Transcript
JENNIFER LAVERS - Having spent ten plus years studying plastic pollution in the world's oceans, you get to the point where not really a lot surprises you anymore, but when you stand on a beach that looks like the beaches on Henderson Island, there's absolutely no denying that it's unique for all the wrong reasons and it takes your breath away. The one and only thing that came to mind, what I felt I absolutely had to do at that moment was tell the story of Henderson Island, show people what's happening out there, in the big blue, in places that are kind of out of sight, out of mind. It kind of struck me as one of those away places. When we think we are throwing something away, that miracle place that is away is places like Henderson island. That is ultimately where our rubbish is ending up, and that's not okay.
SELA JANE AHOLELEI - How does Henderson Island, an uninhabited atoll, accumulate so much rubbish?
JL - So Henderson, a key point to... Henderson is uninhabited and always has been, so there is no human population there. If ever there was a speck of land on this planet that should be pristine from end to end, it's Henderson. It's 5,000km from the nearest metropolitan centre. It's World Heritage listed. It's been on the UNESCO list since 1988. It's contained within the second largest marine park in the world. It's remarkably remote and special and yet here it is plagued with the waste of the modern world. It' s a problem, a real problem.
SJA - Comments around this new finding are comparing plastic pollution to climate change because of its threat to humanity. Is this fair to say?
JL - Climate change like so many global threats is just that. It's a widespread threat that affects each and everyone of us relatively equally, so whether that's ocean acidification or sea level rise, we all contribute to it and we are all going to bear the repercussions of it, and another key point in that is if we don't all work together, we can't solve these problems, so one country can't fix climate change because we need to work together. The same can be said for plastic. It's an international issue and like climate change, it's rapidly increasing in severity, even more so than climate change. I think a couple of points of distinction there are climate change has been relatively slow to change and that is part of why people struggle to grasp these changes and to feel motivated to do something about it. With plastics, that's not the case. We've only been mass producing plastic for about 70 years and the rate it which its accumulated in the ocean and the impact it's having on wildlife is phenomenal. Our current estimates are in excess of 5 trillion pieces of plastic in just the surface layer of the world's oceans and more than 1,200 marine species negatively impacted.
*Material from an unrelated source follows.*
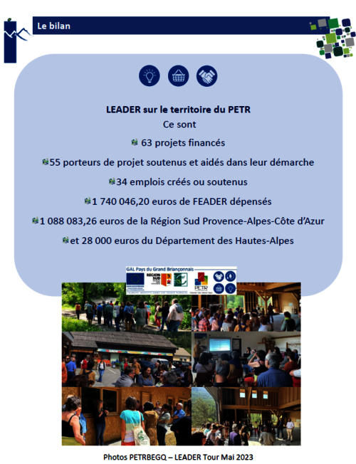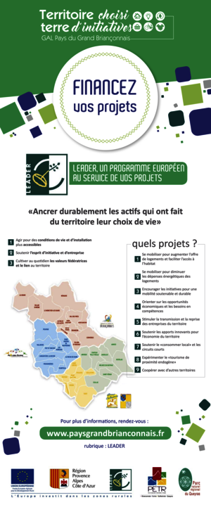 Le PETR Briançonnais, Ecrins, Guillestrois, Queyras a été retenu pour porter le programme LEADER 2014-2020. Le territoire dispose d'une enveloppe financière alimentée par le FEADER (Fonds Européen Agricole pour le Développement Rural ) d'1 500 000 € et de contreparties publiques nationales (provenant principalement de la Région Provence-Alpes-Côte d'Azur).

I mean if that doesn't set off alarm bells, I honestly don't know what will.
SJA - The increase in the density of plastic rubbish in such a short period of time, you said around 70 years, illustrates how serious of an issue plastic pollution is...
JL - Yeah so like I said the global estimate is about 1,200 marine species impacted as of 2016 and that number has increased rapidly in recent years, so in the mid 1990s, the estimate was only 265 marine species. In 2015, that was 693 marine species. Between 2015 and 2016-17 in the span of a year, perhaps two years at the very most, that number sky rocketed from 693 marine species negatively impacted to more than 1,200. Now that's an artefact of more people, more scientists looking for impacts, but it's also a true reflection of the scale of the problem that we now face.
SJA - What do you see as a solution to help counter plastic pollution?
JL - There's a couple of key things that I kind of like to say is; recycle really should be the last stop on your list. There's the 3 R's. Reduce, reuse, recycle and reduce really needs to be number one key. We need to reduce our addiction and our consumption patterns first of all. Recycle is really, the end point and it should be where you go when you have no other option. It's not the quick fix that we all think it is. It's plagued with problems. It's an imperfect solution. The other one that I would like to add to that is a fourth R, which is Refuse. Refuse plastic straws, plastic bags, plastic microbead scrubs in your products. All of those kind of things, there is a lot that we can all do to refuse plastic in the first place and it is that collective movement that will have the largest impact. Individuals do matter, but it's when we scale it up with our whole society, when we all kind of change the norm. Right now I'm the weirdo that collects other people's rubbish from storm water drains because I know that if it sneaks into storm water drains, it sneaks into the ocean, but maybe one day I won't be a weirdo anymore and it will be common place for us to all collect other people's rubbish because we're all aware of exactly where it's headed and what that all means.